🤖 AI Summary
To address the trade-off between poor robustness of conventional methods and high computational overhead of text-guided large models in multimodal image fusion, this paper proposes a lightweight, inference-efficient fusion framework that eliminates the need for textual input during inference. Our method introduces three key innovations: (1) distilling textual prior knowledge embedded in large language models (LLMs) into a compact image fusion network; (2) designing a spatial-channel cross-fusion module to enable cross-dimensional prior modeling; and (3) implementing knowledge transfer via a teacher–student architecture. Experimental results demonstrate that the proposed approach retains over 90% of the teacher model’s performance while reducing both parameter count and inference latency by 90%. It significantly outperforms existing state-of-the-art methods across multiple benchmarks.
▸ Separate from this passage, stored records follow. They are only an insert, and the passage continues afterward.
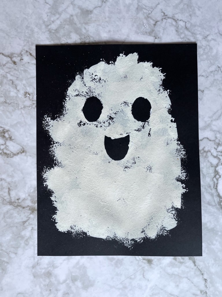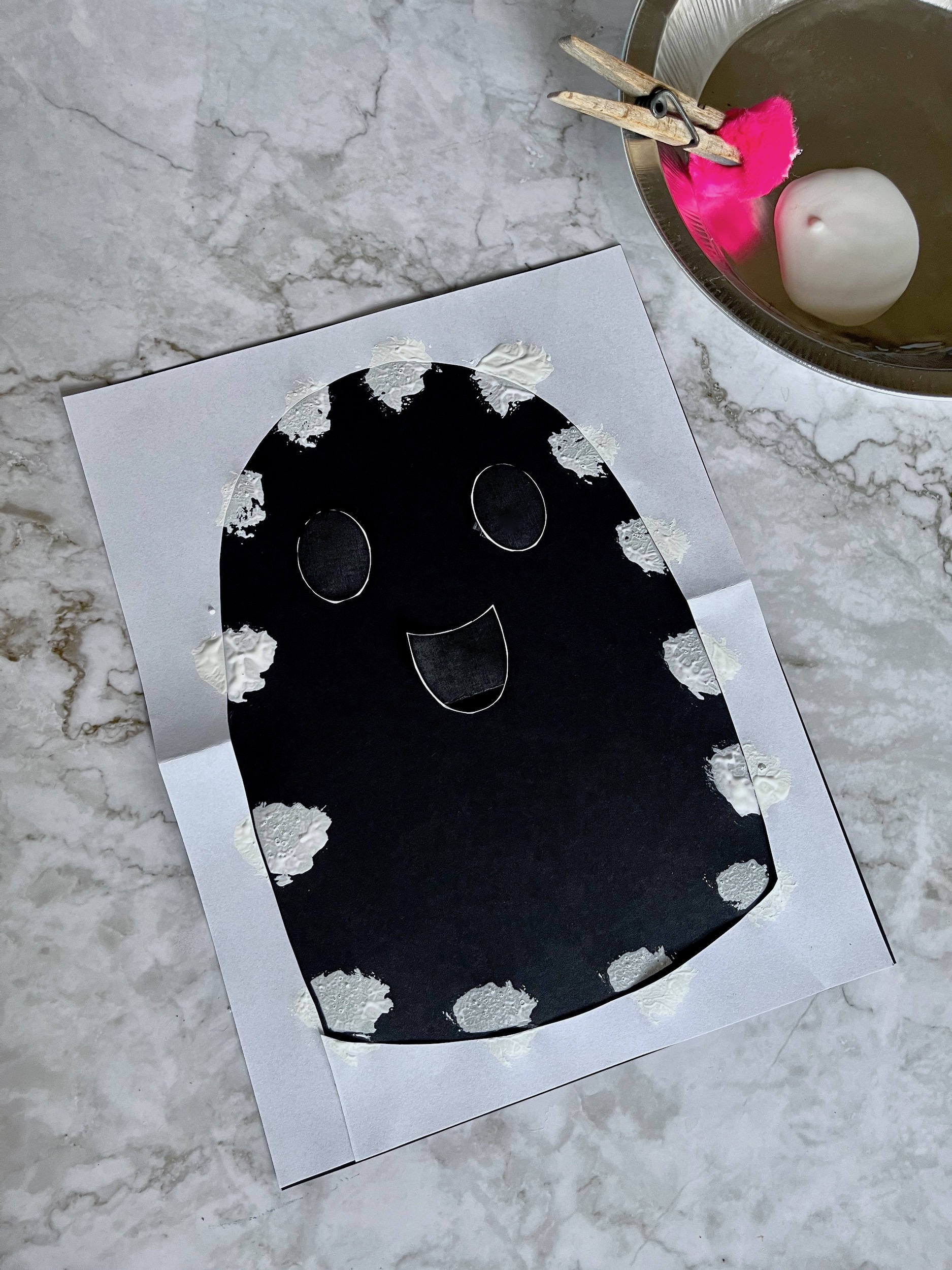 - Place the ghost pattern’s frame around the edges of your cardstock page and dab the pom pom in the white paint, then dab it around in the edges of the ghost’s shape to create a dotted pattern for your little one.
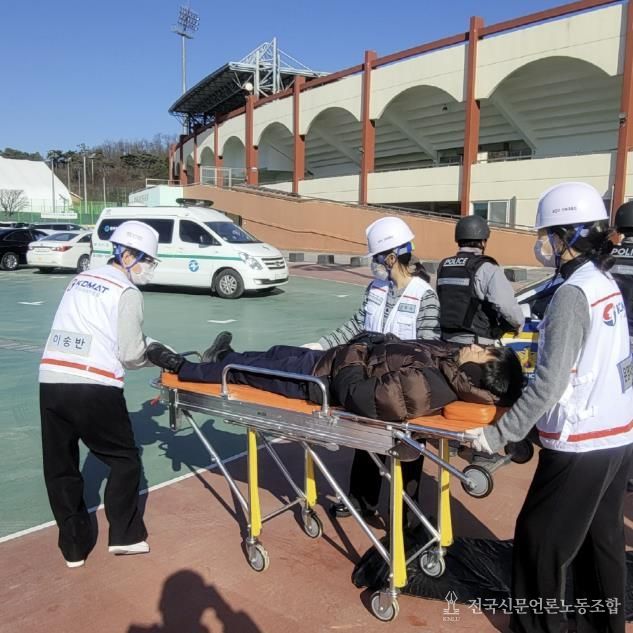 전국신문언론노동조합 기자 | 동두천시보건소는 지난 1월 29일 동두천시 종합운동장에서 동두천경찰서 주관으로 실시된 강력범죄 대응 유관기관 합동 모의훈련에 참여해 보건소 신속대응반 출동 및 현장 대응 훈련을 실시했다고 밝혔다.
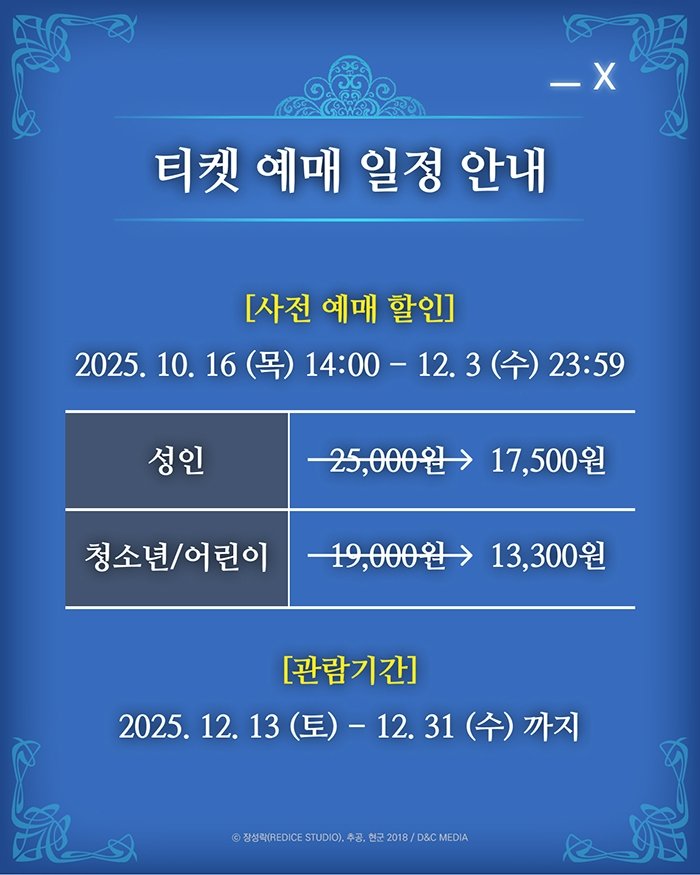 - 사전예매 판매기간 : 2025. 10. 16 (목) 14:00 ~ 12. 3 (수) 23시 59분까지

The source code will be made publicly available.
📝 Abstract
Multi-modality image fusion aims to synthesize a single, comprehensive image from multiple source inputs. Traditional approaches, such as CNNs and GANs, offer efficiency but struggle to handle low-quality or complex inputs. Recent advances in text-guided methods leverage large model priors to overcome these limitations, but at the cost of significant computational overhead, both in memory and inference time. To address this challenge, we propose a novel framework for distilling large model priors, eliminating the need for text guidance during inference while dramatically reducing model size. Our framework utilizes a teacher-student architecture, where the teacher network incorporates large model priors and transfers this knowledge to a smaller student network via a tailored distillation process. Additionally, we introduce spatial-channel cross-fusion module to enhance the model's ability to leverage textual priors across both spatial and channel dimensions. Our method achieves a favorable trade-off between computational efficiency and fusion quality. The distilled network, requiring only 10% of the parameters and inference time of the teacher network, retains 90% of its performance and outperforms existing SOTA methods. Extensive experiments demonstrate the effectiveness of our approach. The implementation will be made publicly available as an open-source resource.